ナカニシ歯科用高速回転技術を応用した工業用切削・研磨機器事業への参入

時期 1982年6月
意思決定者(推定) 中西治雄 創業者
論点 単一市場への依存と技術の応用先
概要
1982年6月、ナカニシ(当時の中西歯科器械製作所)は、歯科治療用ハンドピースで培った毎分数十万回転の高速回転技術を応用し、工業用の切削・研磨機器の製造・販売に乗り出した。祖業の歯科を続けながら同じ回転機構を工業分野へ広げ、歯科・工業の二分野体制へ移行した経営判断であった。
背景
歯科器械は市場そのものが小さく、1980年代に入ると国内の歯科市場は飽和の傾向を強めていた。回転機器という一点に技術資源を集めてきた同社にとって、単一市場への依存は次の成長を描きにくくする制約でもあった。
内容
精密部品加工の超精密高速スピンドル、基板などの小径穴あけに用いるハイトルクスピンドル、貴金属や金型を研磨するマイクログラインダーなど、機械装着用の回転機器を投入。ミクロン単位の精度を要する加工現場を新たな市場とした。
含意
工業用は参入当初こそ規模が小さかったが、ITの普及を追い風に歯科に次ぐ第二の核へ育った。
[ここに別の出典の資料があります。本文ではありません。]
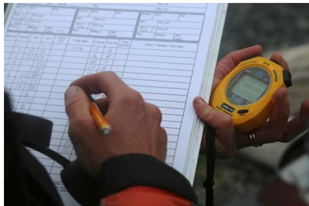
A researcher scribes observations of sea otters diving and feeding in KEFJ in order to determine diet and energy intake, and ultimately estimate population size.
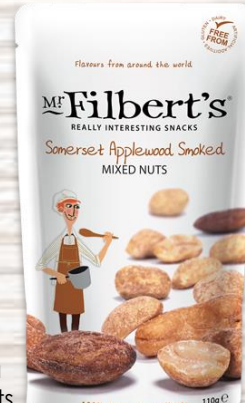
110g Somerset Applewood Smoked Mixed Nuts

祖業を畳まず一つの回転技術を別の産業へ広げた構えが、のちの高収益と海外展開の素地となったとみられる。
筆者の見解

一つの技術を二つの市場へ

ナカニシが工業用で手掛けたのは新しい事業の立ち上げというより、毎分数十万回転でぶれずに回すという一つの技術を、歯科と工業という性格の異なる二つの顧客へ同時に貸し出すことであった。祖業を畳まず、同じ回転機構を別の産業へ広げる。小径高速スピンドルが競合の少ない領域で優位を築けたのも、歯科で数十年をかけて精度と信頼性を磨いてきた蓄積があったからだとみられる。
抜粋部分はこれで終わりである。